Escalada que nadie pidió
Aun así, la administración Trump ha cultivado un clima de tensión improbable. El despliegue de buques de guerra en el Caribe no solo es una señal de fuerza desmedida, sino una provocación peligrosa en un teatro donde los incentivos para la escalada son altos y los beneficios estratégicos, escasos. Incluso el propio secretario de Guerra, Pete Hegseth, entiende que una invasión terrestre sería un atolladero comparable a Irak: costosa, interminable, condenada al fracaso.
El cálculo político es tentador: una “tormenta” fabricada distrae de problemas domésticos (los archivos de Epstein, la erosión de la popularidad presidencial, el deterioro económico) y contribuye a reconstruir la narrativa de un presidente asediado por enemigos internos y externos.
La orden de “cerrar el espacio aéreo venezolano” forma parte del mismo repertorio. No tiene legitimidad internacional, pero genera el efecto deseado: sembrar incertidumbre, alterar rutas aéreas, producir la sensación de una amenaza latente.

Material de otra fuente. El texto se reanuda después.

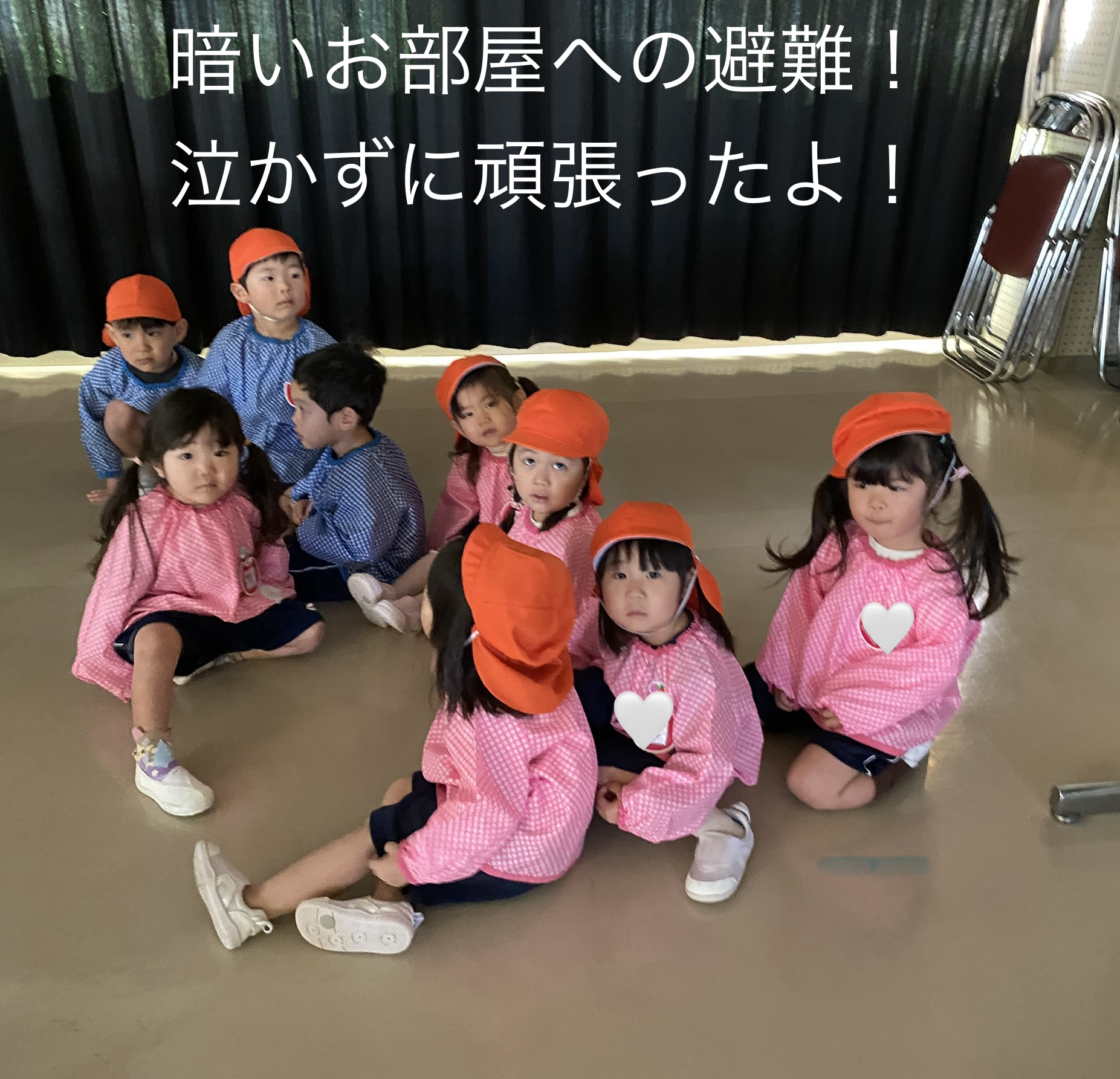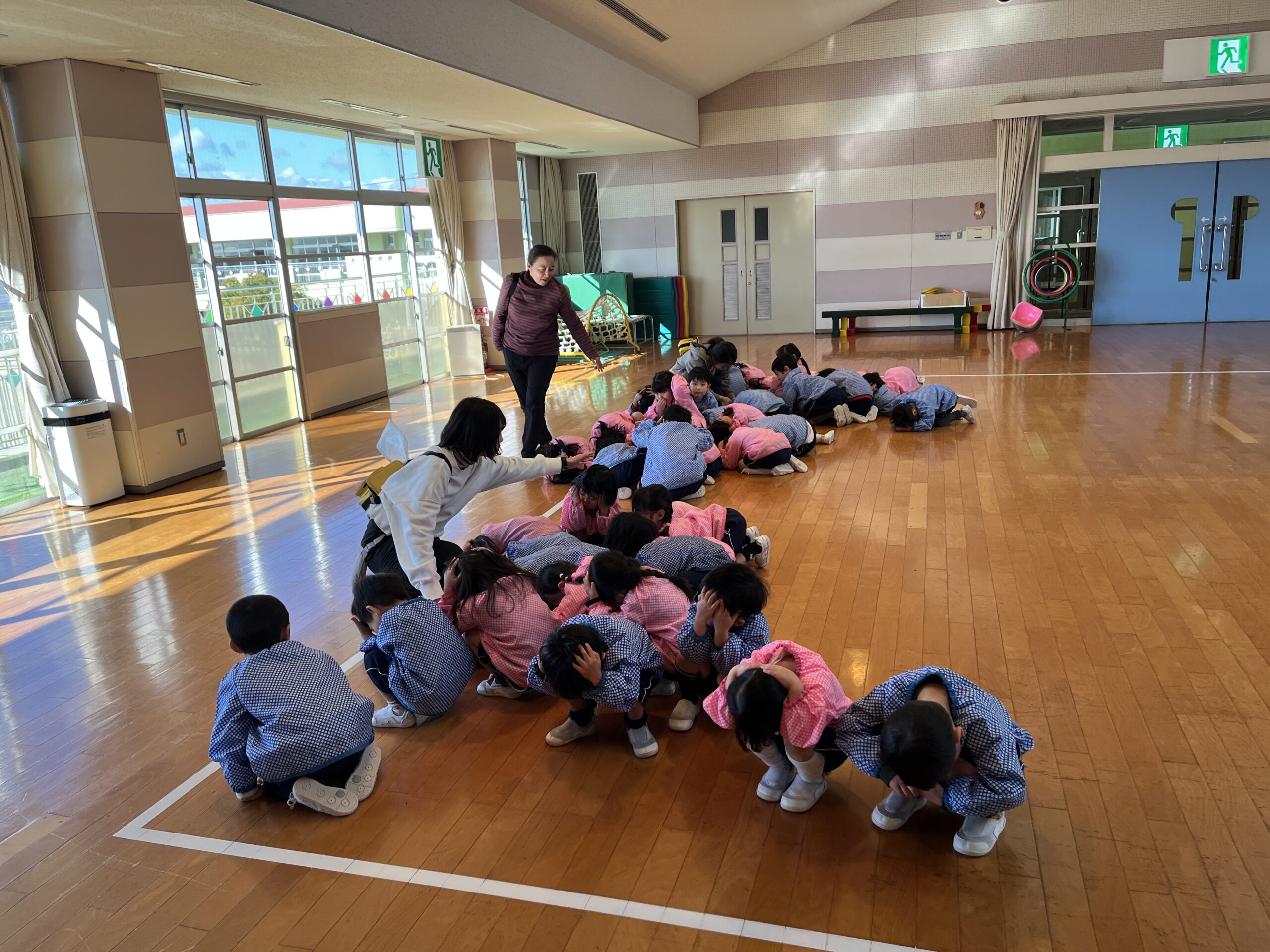避難訓練 2026年01月23日 #トピックス 1月23日(金曜日) 避難訓練をしました。 しっかり自分で歩いて避難するよ。 暗いお部屋もみんなといっしょなら大丈夫❗ 「リズム室で地震が起きたらどうしたらいい❓❗」 「ものが落ちてこない広いとこ」 「そうだね」 こうして、いっしょに考えたよ🤔 揺れが収まった後、園庭に避難しました。 地震ビデオを見た後、普段の姿を振り返ったよ。 避難の時しゃべったり、ふざけたり していないかな? 友だちと話すといつもの自分を 考えるきっかけになりました🤔 これからも自分で考え、友だちと話し合い、 いざという時に備えていこうね。 テニピンあそび2026年1月21日誕生会2026年1月24日 関連記事 2018年10月25日 #トピックス ハロウィンパーティー 10月25日木曜日、ハロウィンパーティーをしました。 文理大学のお兄さんお姉 […] 2024年09月30日 #トピックス 語感教育 9月30日(月曜日) 語感教育がありました。 久しぶりの語感教育! カナダか […] 2024年11月09日 #トピックス 製作 11月9日(土曜日) 年長組の製作活動の様子です✄ 「おいもの […]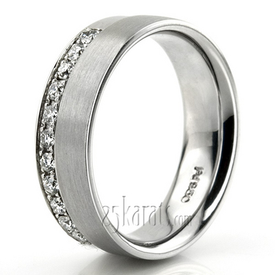 Elegant and stylish! This 6mm wide Diamond Wedding Band is set with 11 Round Cut Diamonds. Each diamond weighs 0.02ct, total 0.22ct. The diamonds are graded G in color and SI1 in clarity. The body of the is satin finished. Step-edge is high polished.

¿Drogas, petróleo… o geopolítica?
Pocas preguntas exponen mejor la lógica oculta que esta: ¿es realmente una operación antidrogas? Los datos sugieren lo contrario. El fentanilo no entra a Estados Unidos a través de Venezuela, y la supuesta megaestructura de narcotráfico dirigida por Maduro carece de evidencia verificable. Lo que sí tiene Venezuela es algo más concreto: las mayores reservas probadas de petróleo del planeta.
Revivir el fantasma de las guerras por recursos (desde Irak hasta Libia) no resulta exagerado. Y menos cuando en el interior del país ya existe una creciente y violenta competencia por minerales de tierras raras, cada vez más cruciales para la transición energética.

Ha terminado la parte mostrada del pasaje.